§ **PROBLEM TO SOLVE**: Starting at the line that contains "纯电版采用800V高压平台,搭载185k", return every line through the end of the data exactly, without pictures.

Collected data
━━━━━━━━━━

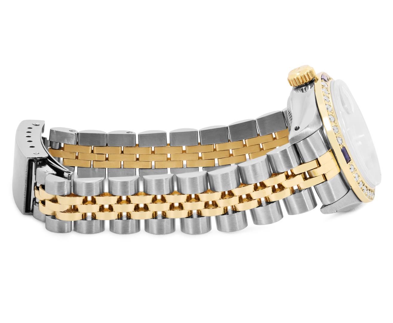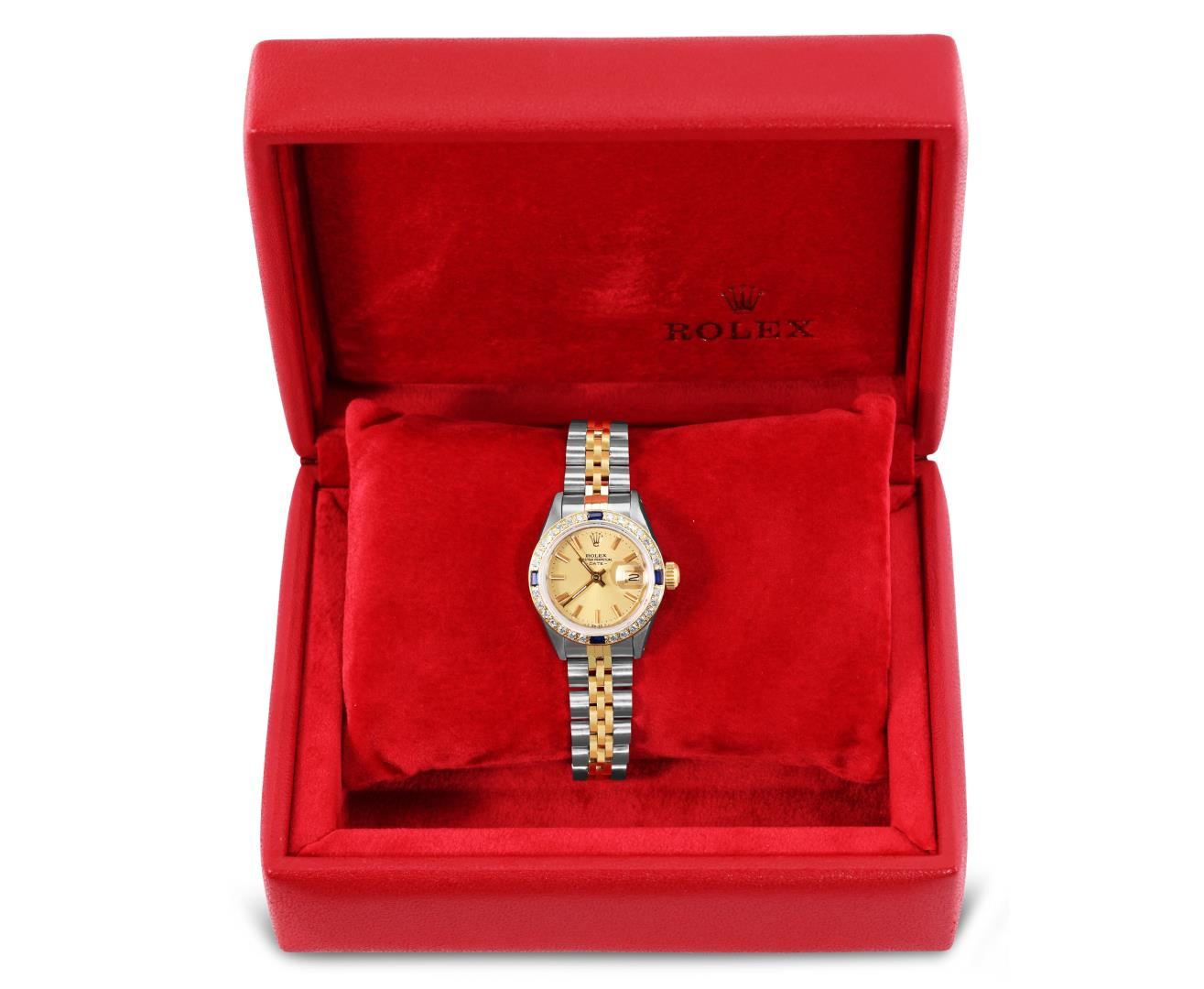 One Rolex Ladies Pre Owned Two Tone Yellow Gold And Stainless Steel Rolex Date Polished, Serviced And Electronically Tested, Rolex Yellow Gold And Stainless Steel Case: 26mm, Rolex Yellow Gold Crown. Custom Bezel: New 18K Yellow Gold Sapphire Diamond Bezel, Diamond Count: 28 Diamonds + 4 Sapphire. Crystal: Custom Sapphire Crystal With Date Window. Hands: Custom Luminescent Hands. Rolex Movement: 2035 Automatic Winding Movement. Rolex Factory Dial: Champagne Dial With Dash Track And Lumi Dots, Date Window: 3 O'Clock Position Date Display, Condition: G-6 Extra Fine. Rolex Bracelet: Two Tone 14K Yellow Gold And Stainless Steel Jubilee Band. Bright Polish. 6.0 Inch Length, Adjustable. Standard Clasp, With Rolex Logo. This Watch Has Been Serviced Time Tested And Is In Excellent Condition It Is Free Of All Scratches And Dents. This Watch Comes With A Rolex Box.
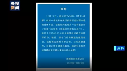 西藏航空公司23日發佈一份聲明,12月21日,該公司TV9820南京—成都航班一名機長,在執行航班任務過程中感到身體不適,該航班同機組的另一名機長執行了後續飛行任務。這架航班於12月22日00:25分,安全降落在成都雙流國際機場。隨後,該機長被送往醫院救治,經搶救無效不幸去世,年僅39歲。目前,西藏航空正處理善後事宜,西藏航空並未透露該機長的具體病因以及更多事件的詳細過程。
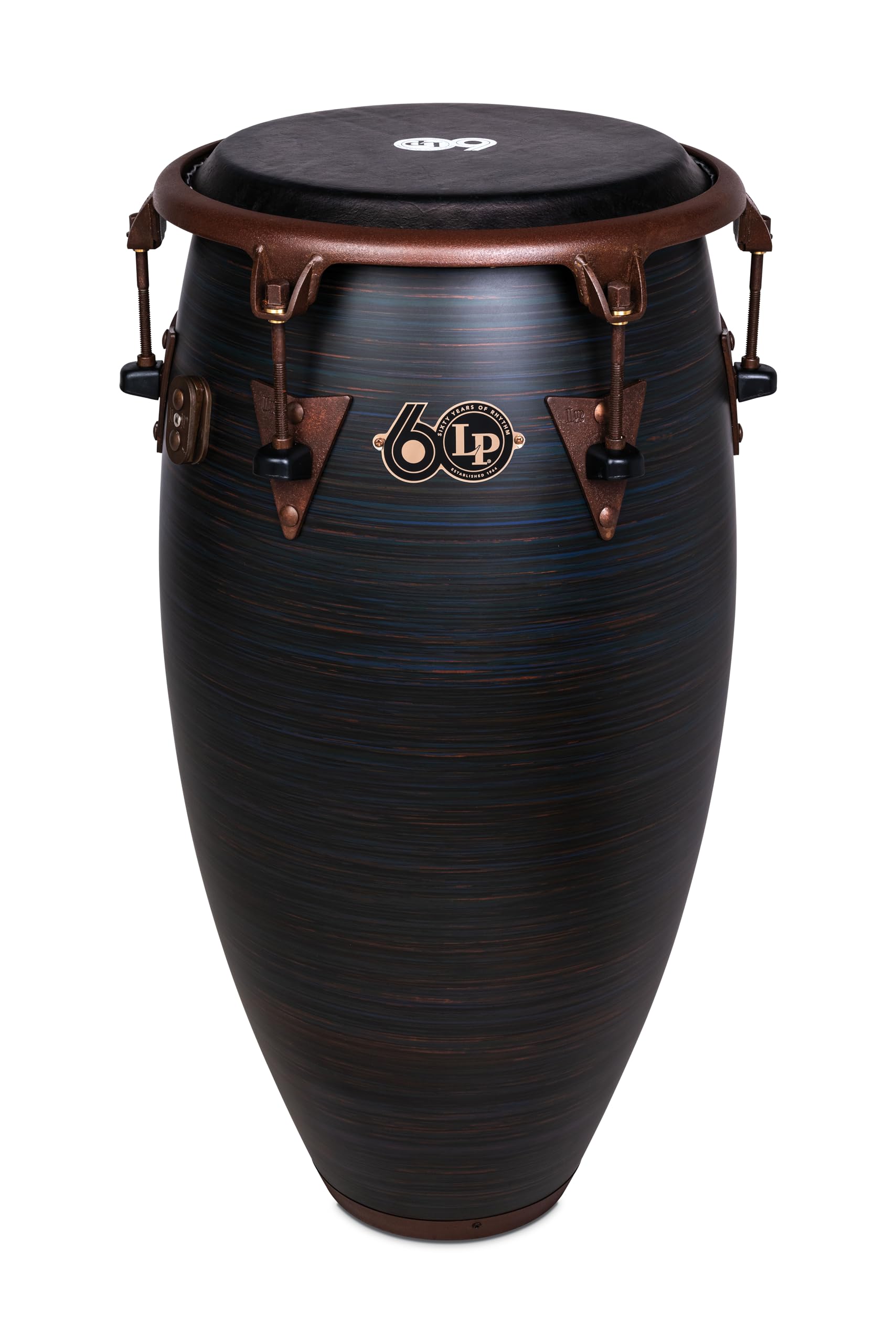 LP is celebrating its 60th Anniversary with this commemorative collection of drums. The Kevlar-reinforced fiberglass shells pay tribute to LP’s first conga drums made of fiberglass while Top-Tuning hardware represents LP’s latest evolution in conga technology. This 11-3/4″ Conga with special fiberglass shells produce deep, resonant bass with cutting highs. The hand-painted Roasted Hazel finish with Rustic Bronze hardware ensures that each drum is unique. Emblazoned with a commemorative LP60 badge, these drums are limited production for 2024.
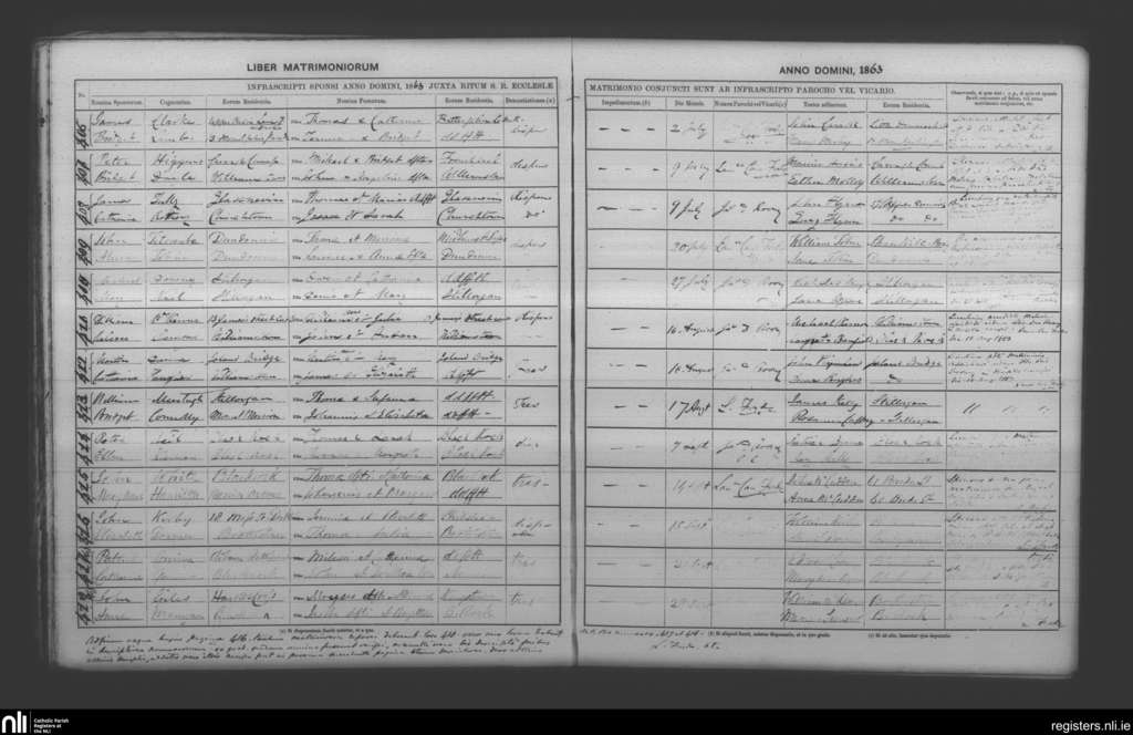 Booterstown; County of Dublin; Archdiocese of Dublin. Marriages, July 1863 to Sep. 1863
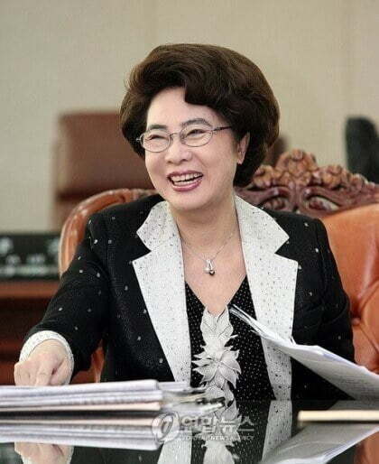 단상에 오른 황슬 / 황설 / 황솔 / 황밀 자매 가운데 첫째 슬이가 가천 길재단 이길여 회장 앞에서
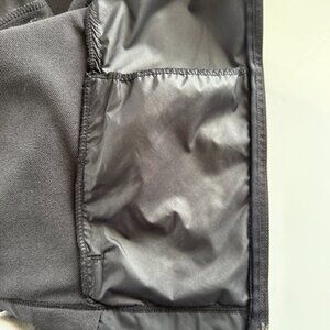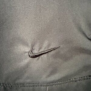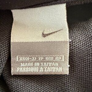 Women's Nike black long sleeve collared zip up athletic jacket, size XS 0-2. This has two front zippered pockets, two inside open pockets, and the sides and back are a stretchy material. Machine washable. This could also fit a XXS - please see measurements below. Excellent like new condition and from a smoke free pet free home. Quick shipper!
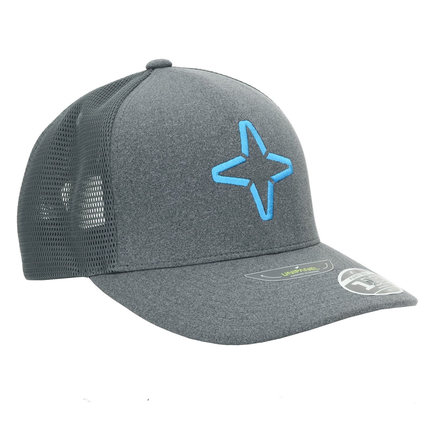 AAVA Nordic Star Cap Grey - A perfect fit is guaranteed with the Aava Star Is Born-cap with it having both snap back for adjusting the size and a stretchable Flexfit® headband. Because of this unique design it is the most comfortable cap. This is a trucker cap with elastic mesh panels. The front panel has a patented unipanel technology and it has no seams in the front.
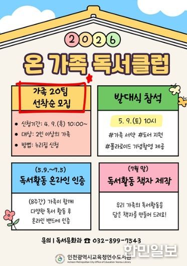 한민일보 서울포커스 유창렬 기자 | 인천광역시교육청연수도서관은 5월 9일부터 가족이 함께 책을 매개로 소통하며 성장하는 ‘온 가족 독서클럽’을 운영한다.
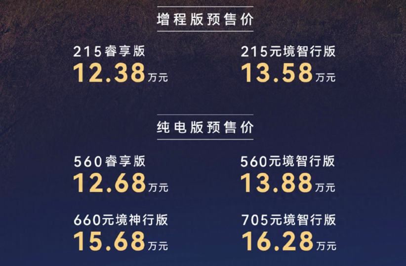 纯电版采用800V高压平台,搭载185kW、200kW两种电机,全系搭载宁德时代5C电池,提供560km、660km、705km三种续航,相比现款大幅提升,同时百公里能耗降低至最低13.1kWh。
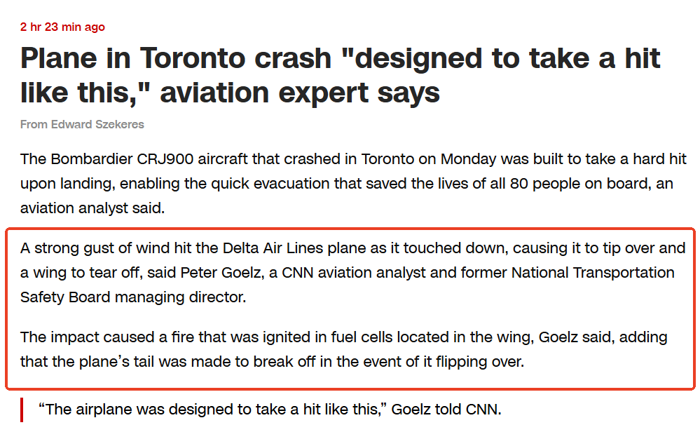 但据CNN 航空分析师、前国家运输安全委员会董事总经理彼得·戈尔茨 (Peter Goelz) 分析,达美航空的飞机着陆时似乎遭遇了一阵强风,导致飞机翻滚,机翼脱落。

━━━━━━━━━━

§ **ANSWER TO THIS TASK**:
 纯电版采用800V高压平台,搭载185kW、200kW两种电机,全系搭载宁德时代5C电池,提供560km、660km、705km三种续航,相比现款大幅提升,同时百公里能耗降低至最低13.1kWh。
 但据CNN 航空分析师、前国家运输安全委员会董事总经理彼得·戈尔茨 (Peter Goelz) 分析,达美航空的飞机着陆时似乎遭遇了一阵强风,导致飞机翻滚,机翼脱落。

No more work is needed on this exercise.